Why did Jesus curse the fig tree?
“Cursing” here is not “obscenity,” but judgment.
“May no one ever eat fruit from you again.” And his disciples heard it.
And then that day–the words in between our appointed text: Jesus entered the temple and he began (first thing)to drive out those who were selling….selling out. Jesus had thought about this. He had looked around at everything the night before….this was no quick, mere knee-jerk reaction. He said in effect, “May no one ever again use the temple for their own personal gain rather than to bear the fruit of prayer and praise of God…and become a house of prayer for all nations.” And when the chief priests and scribes heard it, they kept looking for a way to kill Jesus…because they were afraid of him because the whole crowd was spellbound by him. (Jealousy, fear, national self-interest, greed, power,) The fig tree in a way becomes Jesus, the one who would be killed.
And that was the first day of what we now call Holy Week.
That’s all. That’s enough
And Jesus and his disciples went out of the city again.
In the morning as they passed by (casual), they saw the fig tree withered away to the roots (not just dead for the season) Then Peter remembered. “Rabbi, (teacher)” he said, “Look. The fig tree that you cursed has withered.”
Prayer indeed.
In this chapel of prayer, what have we disciples here heard? What prayers do we pray? And in what ministries do we engage? What actions do we take? What pronouncements do we make?
In the distance Jesus had seen a fig tree. He went to see whether perhaps he would find anything on it. Why didn’t he make it bloom? Put fruit on it?
Wait. Cultivate, not curse. Pray, for God’s sake.
For what shall we pray for God’s sake….when a tree will not bear fruit?
And we here, in this community of religious endeavor, what do we see?
Oh, I want to be so careful with this text. In teaching and working with people about the issue of church conflict, so many times I have heard this text quickly pulled out to justify irresponsible behavior: “Jesus turned over tables in the temple….that’s what I’m going to do!” But remember the times before when Jesus chose to avoid, did purposely slip through a crowd away from the jeers. And this day, he goes out of the city again. The time would come for him to die, but not this day.
What, for God’s sake, shall we do when we see self-serving, egregious wrong?
Pray, and look around carefully and thoroughly, and speak up, and ask many questions.
We dare not stop asking questions.
And pray, for wisdom when Jesus comes to us as one unknown.
Jesus told the fig tree, “May no one ever eat fruit from you again.”
…. What power he had.
And what power our own words have in the name of Christ.

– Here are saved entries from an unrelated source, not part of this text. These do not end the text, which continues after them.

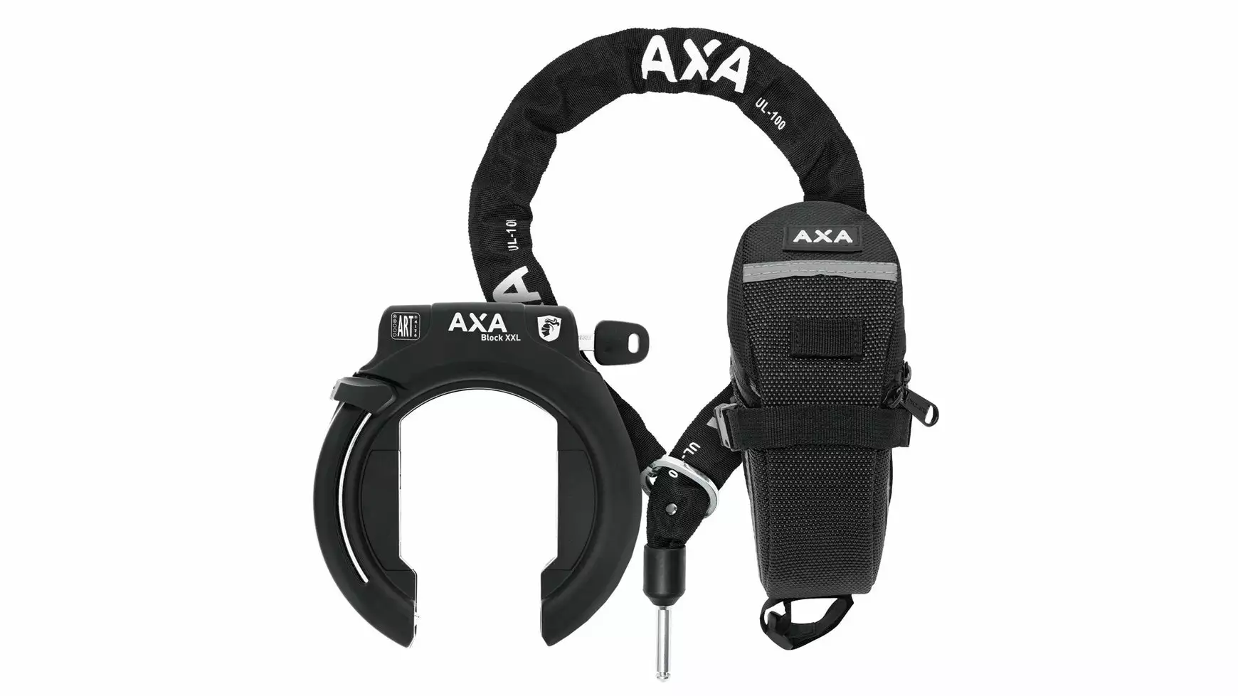Set bestehend aus: Rahmenschloss AXA Block XXL, NAZ Kette ULC100, Länge 100 cm, Durchmesser 5,5 cm Tasche
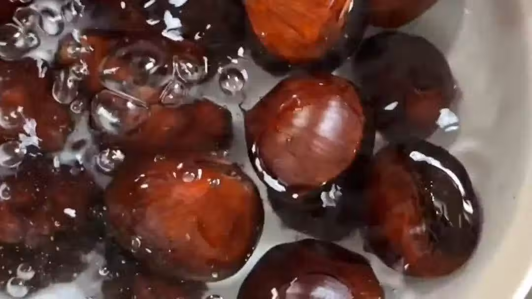 俗話說,想要甜,加點鹽,加一點鹽之後,可以讓板栗的甜味更加突出,蓋上鍋蓋煮三分鐘,如果煮熟想要直接吃的話,那麼我們煮個15分鐘,想煮出來剝殼的話,煮個三分鐘就可以。我這里煮了三分鐘。這個時候的板栗殼和板栗肉已經完全分離了,煮好的板栗連湯倒出來兩指,不燙手就可以開始剝殼了。這個時候來剝板栗殼就非常的輕鬆了,不管是外殼還是板栗肉表面的那一層剝皮都可以很輕松的完全剝離。非常的簡單快捷,只可惜運氣不好,這一個板栗是壞的,可以看到上面的蟲眼,那麼像這樣的板栗就不能要。雖然說板栗肉表面的那一層薄膜看起來顏色非常的不好看,但是營養非常的豐富。因此咱們平時自己在家烹飪的時候,盡量保留上面的薄膜,不要撕掉了,不管是燉肉還是煲湯,我們只需要將它的外殼,這樣脫去就可以,裡面的內膜沒必要脫去。
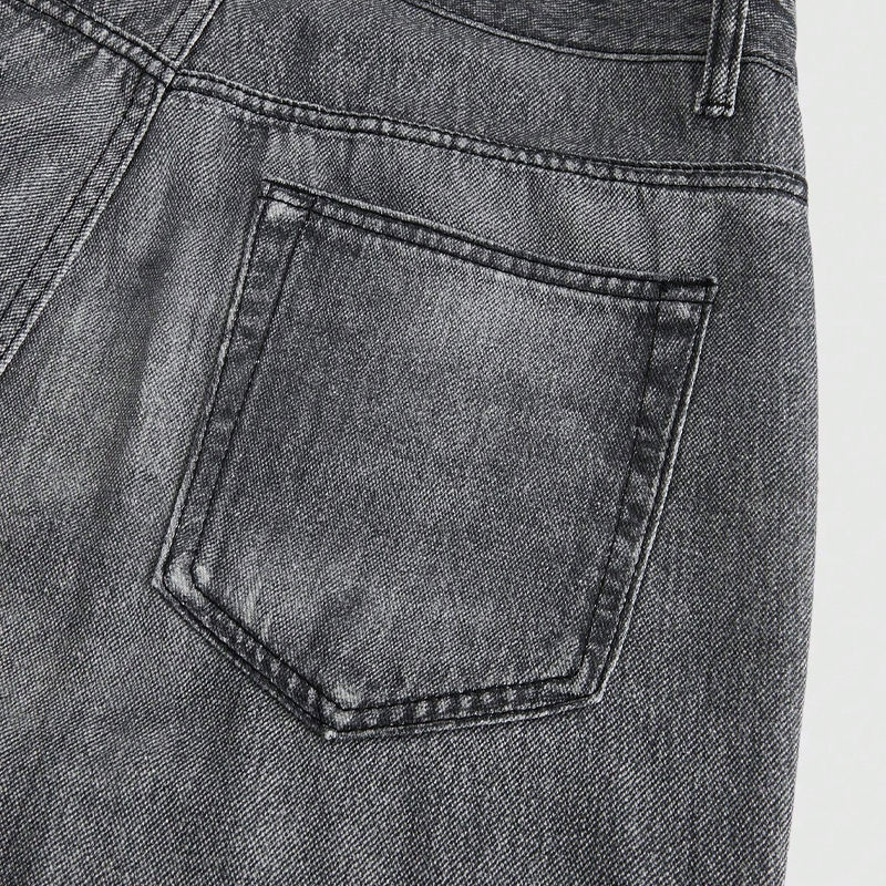Jeans Neri Graffiti - Micro-svasati, Strappati, Stampati e Dipinti a Spruzzo con Gradiente Rosso e Bianco, Pantaloni a Vita Alta all'Ingrosso

…..that tree withered to its roots.
And question when answers and circumstances are unknown:
Why did Jesus turn over those tables in the temple?

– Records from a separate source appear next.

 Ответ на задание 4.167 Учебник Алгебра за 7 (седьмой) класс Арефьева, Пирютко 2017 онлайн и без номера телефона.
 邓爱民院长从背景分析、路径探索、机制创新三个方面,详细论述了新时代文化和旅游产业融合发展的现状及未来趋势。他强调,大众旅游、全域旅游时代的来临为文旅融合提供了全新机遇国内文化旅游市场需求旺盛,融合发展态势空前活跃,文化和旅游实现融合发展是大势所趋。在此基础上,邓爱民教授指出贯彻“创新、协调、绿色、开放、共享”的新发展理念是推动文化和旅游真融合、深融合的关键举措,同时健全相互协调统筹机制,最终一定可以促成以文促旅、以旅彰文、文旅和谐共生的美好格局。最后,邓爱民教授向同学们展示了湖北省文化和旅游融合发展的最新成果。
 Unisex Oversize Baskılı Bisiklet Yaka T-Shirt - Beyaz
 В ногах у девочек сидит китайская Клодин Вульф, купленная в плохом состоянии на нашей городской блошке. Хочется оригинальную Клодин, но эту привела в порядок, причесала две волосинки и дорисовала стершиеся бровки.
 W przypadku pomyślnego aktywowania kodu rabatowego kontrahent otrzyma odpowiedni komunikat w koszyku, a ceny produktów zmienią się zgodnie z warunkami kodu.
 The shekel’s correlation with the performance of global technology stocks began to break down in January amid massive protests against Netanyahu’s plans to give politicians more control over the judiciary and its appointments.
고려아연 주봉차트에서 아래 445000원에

And not allow anyone to carry anything through the temple?
…..and the chief priests and scribes look for ways to kill him?

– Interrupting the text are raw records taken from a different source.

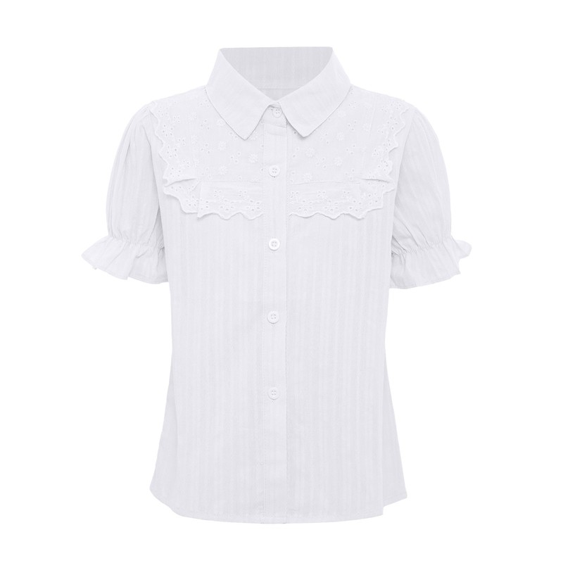 Das Design mit den kurzen Puffärmeln ist trendig und charmant und verleiht der Bluse einen Hauch von Niedlichkeit und Mode.
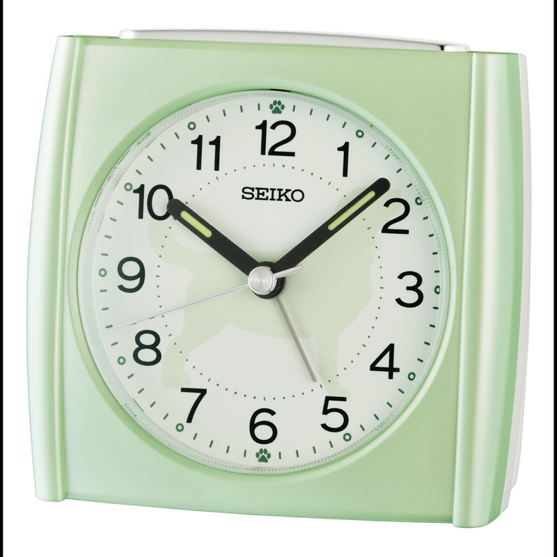 Seiko QHE209MLH Square Non Ticking Bedroom Alarm Clock, Puppy Green, 3.5 x 3.4 Inches
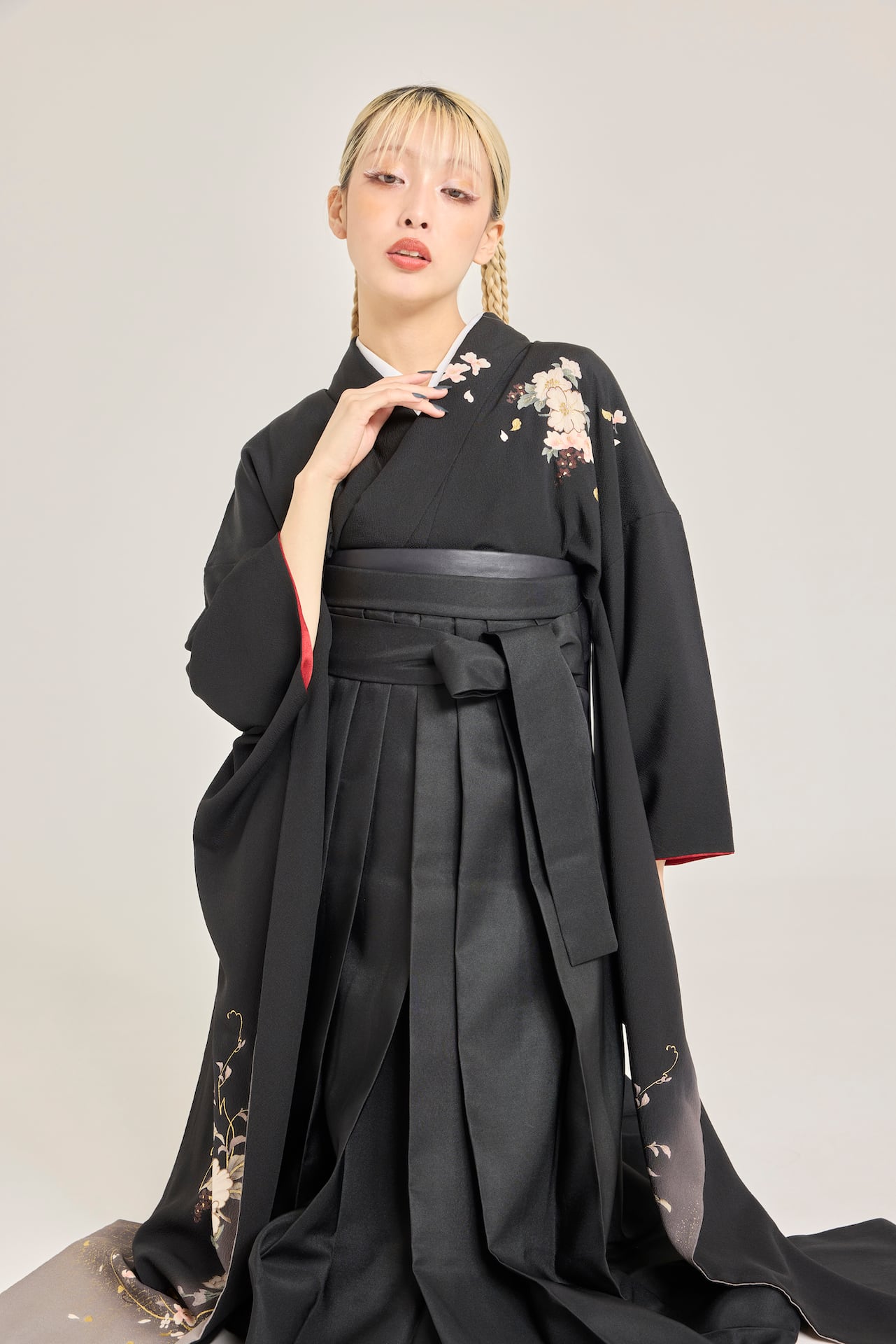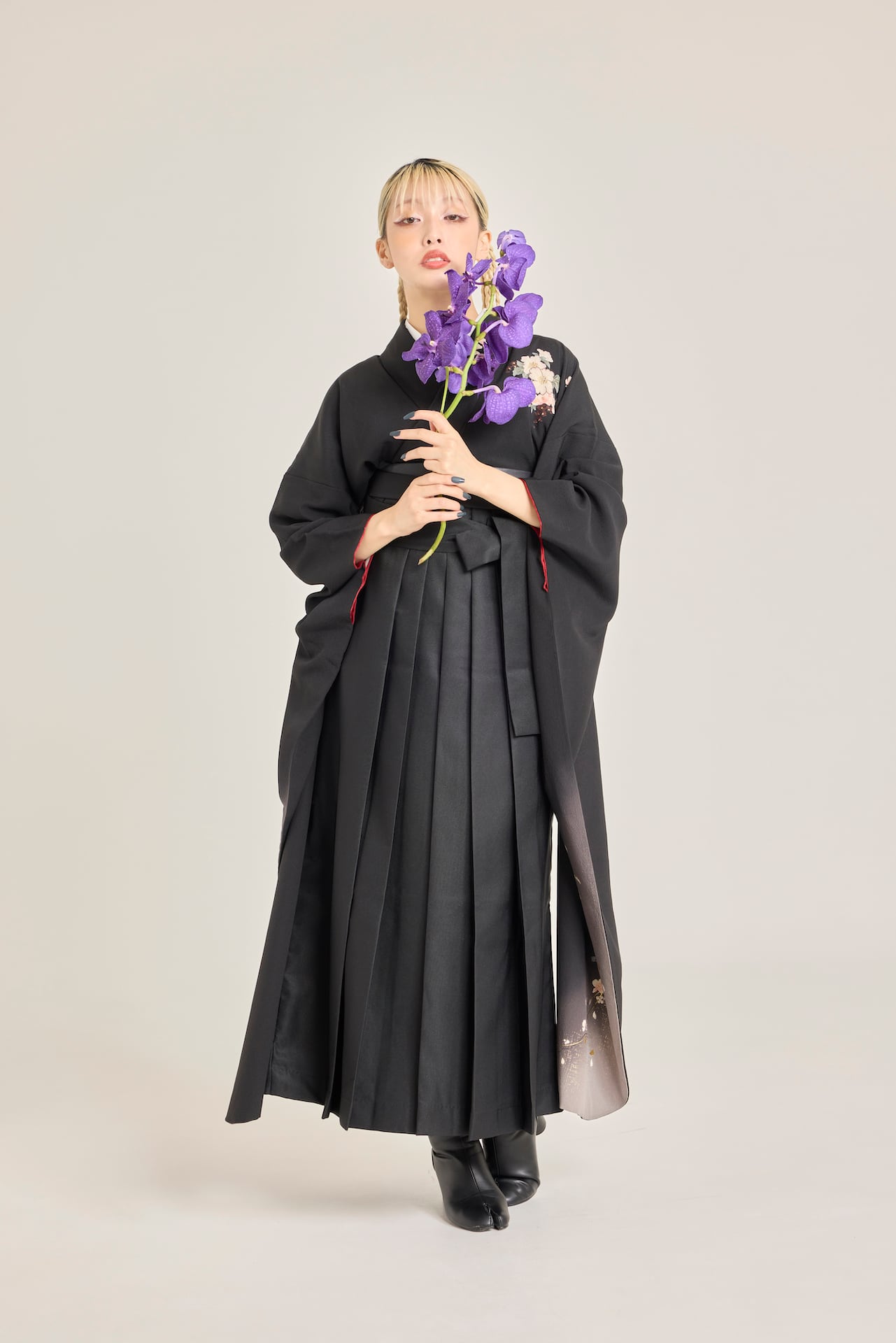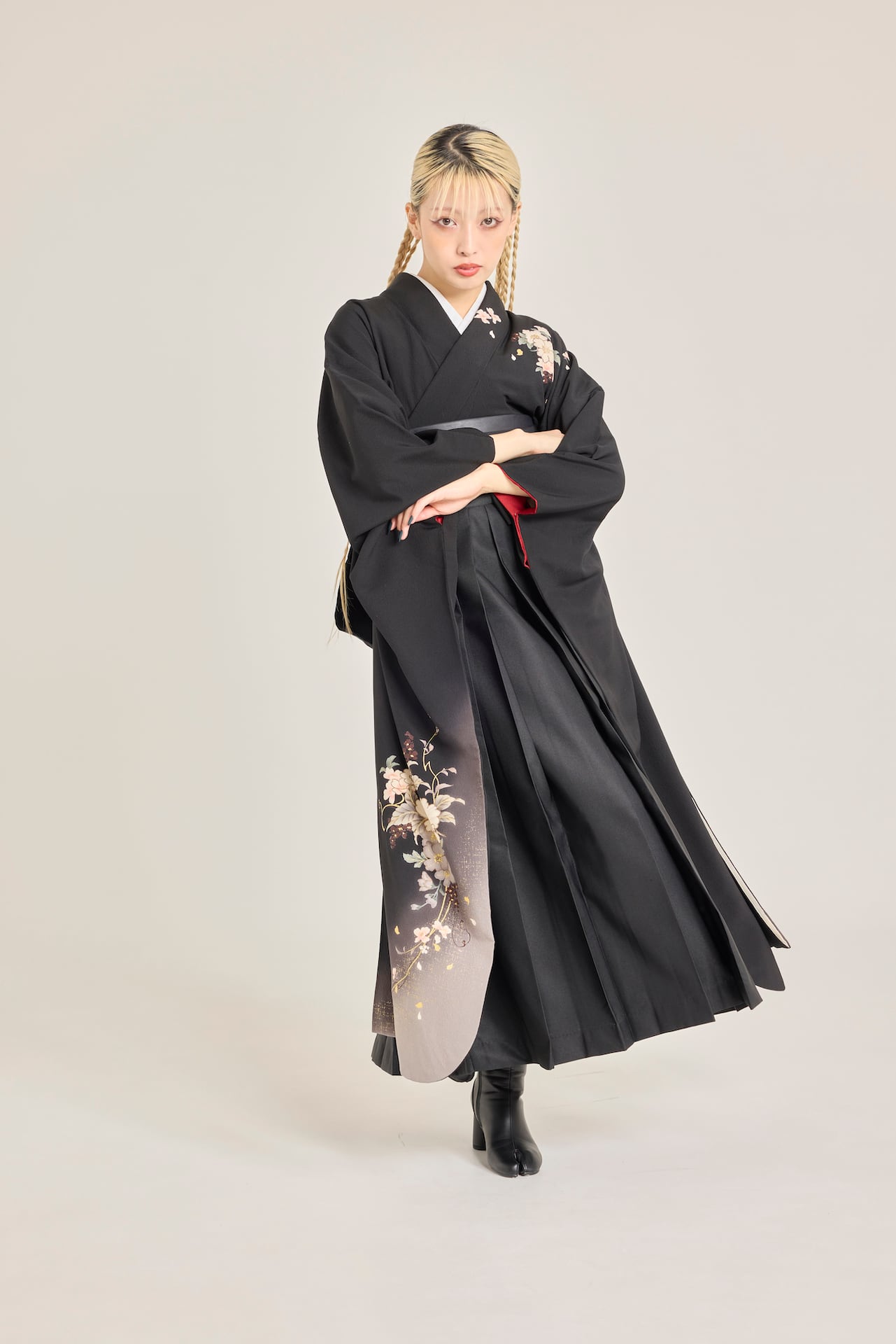 振袖/袴/半幅帯/足袋ブーツ/長襦袢/肌襦袢/足袋ソックス/衿芯/腰紐×4/伊達締め×2/コーリンベルト/帯板(小)/脱脂綿/ガーゼ

Why do I dare to read and preach from this text when I have no idea how you will hear it? Peter heard and remembered.
For God’s sake pray and pronounce and proclaim.
But “for God’s sake” not out of our own fear, or jealousy nor merely to satisfy our own hungers or for our own personal gain.
And so we pronounce and proclaim and doubt our own motivations. We pray, and look around, carefully, thoroughly.
And when we say, out of disbelief, or despair, or …. “Rabbi, look! The fig tree that you cursed has withered.”
Hear Jesus’ answer. What would it be? “I was just hungry, I was just angry, it wasn’t my fault, ….those guys in the temple got to me……. “
Jesus answered them:
“Have faith in God. Truly I tell you, if you say to this mountain, ‘Be taken up and thrown into the sea’; and if you do not doubt in your heart, but believe that what you say will come to pass, it will be done for you. So, I tell you, whatever you ask for in prayer, believe that you have received it, and it will be yours.”
To believe that, to act recklessly on that is dangerous, sometimes idolatrous.
So listen to one more verse:
Jesus says, “Whenever you stand praying, forgive, if you have anything against anyone; so that your Father in heaven may also forgive you your trespasses.”